A VUA led study to acquire crowdsourced public perceptions of urban green space quality using a mobile application. This dataset from 2018 includes responses and photographs collected by 129 unique volunteers providing 377 observations in select locations across Rembrandt Park.
Land Use Land Cover Dynamics
The French National Mapping Agency led several community sourcing mapping campaigns to update authoritative LULC data in Toulouse and surrounding areas. Three datasets, collected in 2018 and 2019, focus on change detection validation, land use classification and in-situ validation are available.
In March 2019, the Austrian Environment Agency launched a civic engagement campaign to acquire public perceptions of the urban environment of Vienna. The City Oases campaign attracted 50 volunteers contributing 788 observations and 1846 photographs. This initiative is in collaboration with the City of Vienna, the Vienna Institute of Technology and the University of Natural Resources and Life Sciences.
Agricultural Land Use
This dataset, collected in September 2018, contains street-level photographs captured by three cameras fixed on the roof of car. A field survey was focused in the Vojvodina, Serbia to more closely examine land cover/land use within croplands monitored by LandSense citizen scientists. Led by the Joint Research Centre and InoSens, this dataset contains 26759 photographs and associated metadata.
Global Land Use
Land Cover Reference Data
These global datasets, collected via the Geo-Wiki crowdsourcing platform, provide information on human impact, land cover disagreement, wilderness and land cover and land use. This IIASA-led campaign from 2012 contains approximately 151,000 records. In addition to LandSense this work was supported by the ERC-funded CrowdLand (GA no. 617754), ConnectinGEO (GA no. 641538) and EuroGEOSS (GA no. 226487).
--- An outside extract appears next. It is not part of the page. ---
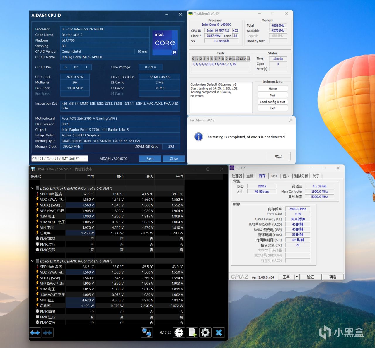 该设定下能过测TestMem5的1usmus_V3配置下三轮烤机且0错误,保证日常使用无压力,烤机时温度使用风扇辅助,裸机平台下两根内存最高温度仅41.5℃和45.5℃,内存的散热马甲相当给力,温度可是决定DDR5内存是否能烤机通过的关键元素。

In 2017, volunteers visually interpreted very high resolution satellite imagery from Google Maps and Microsoft Bing using the Geo-Wiki platform. The dataset contains interpretations of cropland field size for 130,000 unique locations around the globe and is useful for comparative studies of agricultural dynamics across different contexts. This work was supported by SIGMA (GA no. 603719) and the ERC-funded CrowdLand (GA no. 617754).